Winter Hackathon 2025 – Team DataDivas (DataCamp Donates Scholars)

DataDivas team members Ann Lam, Jasmin Rafi, and Vicky Yan entered WiBD Winter Hackathon following their successful completion of WiBD’s transformative education and professional development program through Datacamp Donates, a program designed to equip motivated candidates with essential data science competencies through the Datacamp learning platform.
They were mentored by industry experts Ravi Condamoor and Srividhya Chandrasekaran throughout the challenge.
On May 23rd, WiBD successfully concluded its Winter Hackathon under the leadership of WiBD Global Hackathon Director Rupa Gangatirkar and Technical Advisor Stuti Patel.
The Winter Hackathon Challenge 2025
This year’s competition was powered by the WiDS Datathon Global Challenge and developed in partnership with the Ann S. Bowers Women’s Brain Health Initiative (WBHI), in collaboration with Cornell University and UC Santa Barbara. The Healthy Brain Network (HBN), the flagship scientific initiative of the Child Mind Institute, along with the Reproducible Brain Charts project (RBC), provided essential datasets and technical support for the competition.
Hosted on the Kaggle platform, the hackathon centered on the theme “Unraveling Mysteries of the Female Brain,” with participants focusing on analyzing women’s brain health data specifically for advancing early ADHD detection and diagnostic capabilities.
Participants worked with comprehensive training datasets encompassing patients’ socio-demographic information, emotional and behavioral assessment scores, and fMRI (Functional Magnetic Resonance Imaging) data, which measures minute blood flow variations corresponding to brain activity patterns. The primary objective required teams to develop predictive models capable of determining both gender classification and ADHD diagnostic status based on the provided multimodal datasets.
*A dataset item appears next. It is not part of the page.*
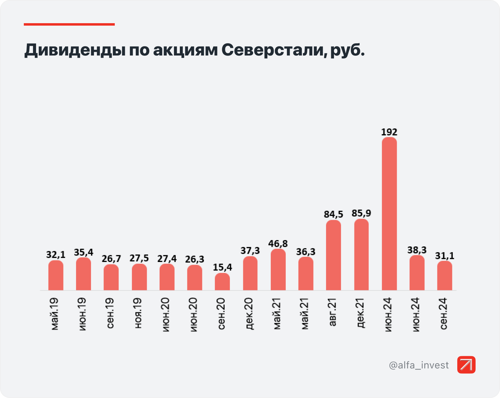 9 сентября — последний торговый день перед закрытием дивидендного реестра Северстали. То есть чтобы получить выплаты, на закрытии торгов инвесторам нужно иметь эти акции в портфеле.

Team Testimonial and Journey
The experience at the WiBD Winter Hackathon 2025 provided an exceptional opportunity to apply and expand our data science capabilities developed through the Datacamp Donates initiative. The hackathon presented the perfect balance of challenge and engagement, allowing us to implement Python programming skills across the entire data science pipeline – from initial data cleaning and processing through exploratory data analysis to advanced machine learning model development and optimization.
As a DataCamp Donates team, all of our members were relatively new to the fields of data and Machine Learning, although some had prior experience in coding. DataCamp provided all the courses necessary for mastering Data Analysis and Machine Learning skills, significantly accelerating our learning during the 8-week hackathon. The topics ranged from data cleaning and feature engineering to Machine Learning in Python and MLOps.
The journey from raw data to predictive models was both technically challenging and intellectually rewarding. We successfully navigated data preprocessing challenges, extracted meaningful insights through analysis, and progressed to implementing various machine learning algorithms to predict target variables. The hyperparameter tuning process further enhanced our understanding of model optimization and performance improvement.
Our mentor, Ravi Condamoor demonstrated exceptional mentoring expertise, delivering precisely the right depth of knowledge and guidance for machine learning newcomers. His approach was perfectly calibrated – providing comprehensive support without creating information overload, enabling us to overcome technical obstacles while building genuine understanding. Ravi helped fill in the gaps by providing background knowledge and insights into the inequality present in female healthcare research, and how machine learning models can be used to bridge the diagnostic gap caused by the lack of female medical data.
Meanwhile our second mentor, Srividhya Chandrasekaran proved instrumental in maintaining project momentum and ensuring timely milestone completion through effective project management.
This collaborative learning environment fostered both technical growth and professional development. The combination of hands-on problem-solving, peer collaboration, and expert mentorship created an ideal framework for skill application and knowledge consolidation.
Our team was diverse and multi-disciplinary. Coming from different areas of study and global background, based in Australia and the United States. We all made an effort to keep up and communicate effectively. Using online collaborative tools like Google Colab, Slack, and Google Meet, we were able to share our progress through weekly meetings and constant communication. The steady improvement on the Kaggle leaderboard was proof of our progress and encouraged us to continue trying new approaches.
Despite being first-time participants in a Kaggle competition, we were able to publish our findings based on real-world scenarios, and we left the experience motivated to continue our journey in data science.
We extend our sincere gratitude to WiBD for orchestrating this transformative learning experience and providing a platform that seamlessly bridges theoretical knowledge with practical implementation in Data Science and Machine Learning.